- [What the task requires]:
Leave out the images and repeat every entry below exactly.

- [Listed records]:
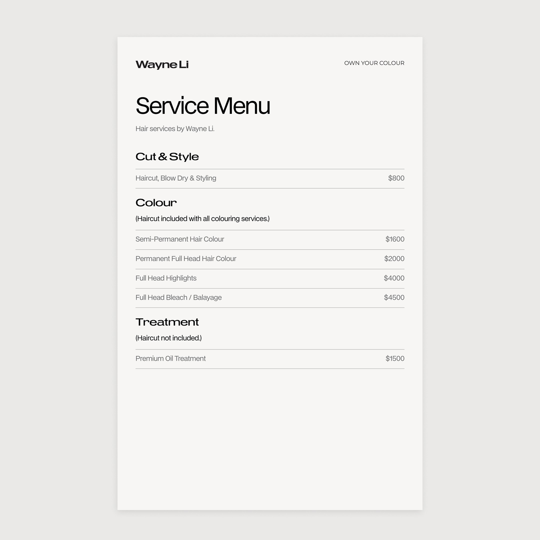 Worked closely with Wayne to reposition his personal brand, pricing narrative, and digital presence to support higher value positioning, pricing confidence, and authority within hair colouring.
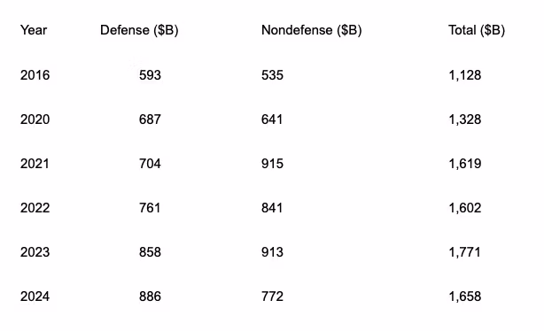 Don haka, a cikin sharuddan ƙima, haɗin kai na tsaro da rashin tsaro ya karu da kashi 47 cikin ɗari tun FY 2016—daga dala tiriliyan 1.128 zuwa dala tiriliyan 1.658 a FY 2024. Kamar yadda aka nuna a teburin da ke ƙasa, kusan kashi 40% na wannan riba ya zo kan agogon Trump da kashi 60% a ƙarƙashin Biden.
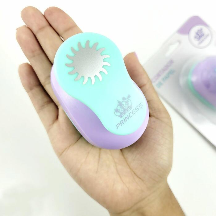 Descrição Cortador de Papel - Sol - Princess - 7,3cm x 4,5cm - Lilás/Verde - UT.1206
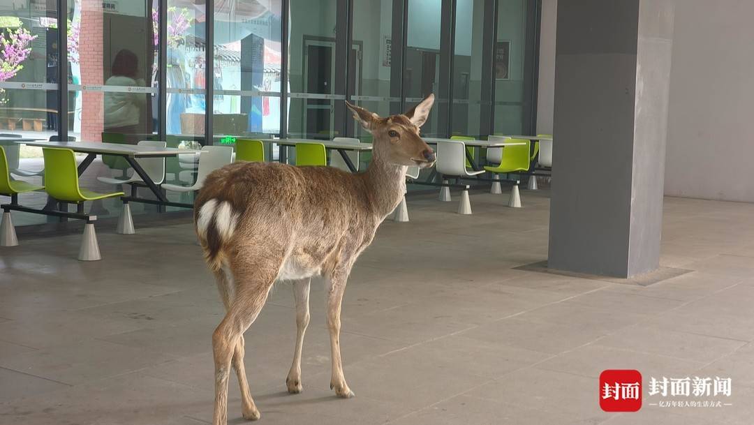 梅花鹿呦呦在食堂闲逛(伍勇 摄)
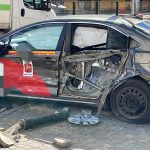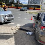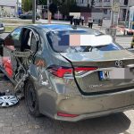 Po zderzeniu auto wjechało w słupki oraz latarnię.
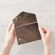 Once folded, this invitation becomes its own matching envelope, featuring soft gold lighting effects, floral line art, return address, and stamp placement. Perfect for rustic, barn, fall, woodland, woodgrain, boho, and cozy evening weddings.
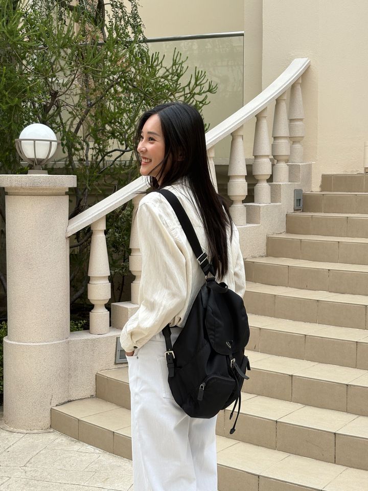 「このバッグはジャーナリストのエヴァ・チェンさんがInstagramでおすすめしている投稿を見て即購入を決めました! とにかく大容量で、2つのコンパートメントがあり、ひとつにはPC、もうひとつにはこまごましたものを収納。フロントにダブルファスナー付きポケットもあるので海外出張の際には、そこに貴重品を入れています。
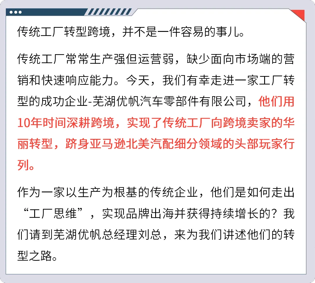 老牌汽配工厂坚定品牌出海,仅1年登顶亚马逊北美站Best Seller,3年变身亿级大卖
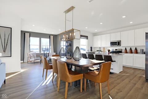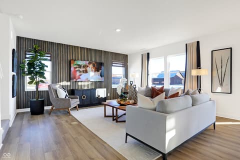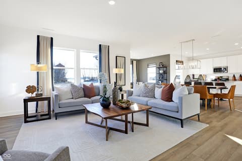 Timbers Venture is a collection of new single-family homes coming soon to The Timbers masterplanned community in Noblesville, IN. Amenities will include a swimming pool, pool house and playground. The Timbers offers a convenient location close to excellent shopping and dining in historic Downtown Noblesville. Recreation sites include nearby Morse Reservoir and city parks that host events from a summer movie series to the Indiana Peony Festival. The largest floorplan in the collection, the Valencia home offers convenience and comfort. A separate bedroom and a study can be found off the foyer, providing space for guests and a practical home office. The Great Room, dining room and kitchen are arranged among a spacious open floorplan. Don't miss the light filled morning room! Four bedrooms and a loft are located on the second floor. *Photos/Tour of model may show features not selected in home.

- [The completed task]:
 Worked closely with Wayne to reposition his personal brand, pricing narrative, and digital presence to support higher value positioning, pricing confidence, and authority within hair colouring.
 Don haka, a cikin sharuddan ƙima, haɗin kai na tsaro da rashin tsaro ya karu da kashi 47 cikin ɗari tun FY 2016—daga dala tiriliyan 1.128 zuwa dala tiriliyan 1.658 a FY 2024. Kamar yadda aka nuna a teburin da ke ƙasa, kusan kashi 40% na wannan riba ya zo kan agogon Trump da kashi 60% a ƙarƙashin Biden.
 Descrição Cortador de Papel - Sol - Princess - 7,3cm x 4,5cm - Lilás/Verde - UT.1206
 梅花鹿呦呦在食堂闲逛(伍勇 摄)
 Po zderzeniu auto wjechało w słupki oraz latarnię.
 Once folded, this invitation becomes its own matching envelope, featuring soft gold lighting effects, floral line art, return address, and stamp placement. Perfect for rustic, barn, fall, woodland, woodgrain, boho, and cozy evening weddings.
 「このバッグはジャーナリストのエヴァ・チェンさんがInstagramでおすすめしている投稿を見て即購入を決めました! とにかく大容量で、2つのコンパートメントがあり、ひとつにはPC、もうひとつにはこまごましたものを収納。フロントにダブルファスナー付きポケットもあるので海外出張の際には、そこに貴重品を入れています。
 老牌汽配工厂坚定品牌出海,仅1年登顶亚马逊北美站Best Seller,3年变身亿级大卖
 Timbers Venture is a collection of new single-family homes coming soon to The Timbers masterplanned community in Noblesville, IN. Amenities will include a swimming pool, pool house and playground. The Timbers offers a convenient location close to excellent shopping and dining in historic Downtown Noblesville. Recreation sites include nearby Morse Reservoir and city parks that host events from a summer movie series to the Indiana Peony Festival. The largest floorplan in the collection, the Valencia home offers convenience and comfort. A separate bedroom and a study can be found off the foyer, providing space for guests and a practical home office. The Great Room, dining room and kitchen are arranged among a spacious open floorplan. Don't miss the light filled morning room! Four bedrooms and a loft are located on the second floor. *Photos/Tour of model may show features not selected in home.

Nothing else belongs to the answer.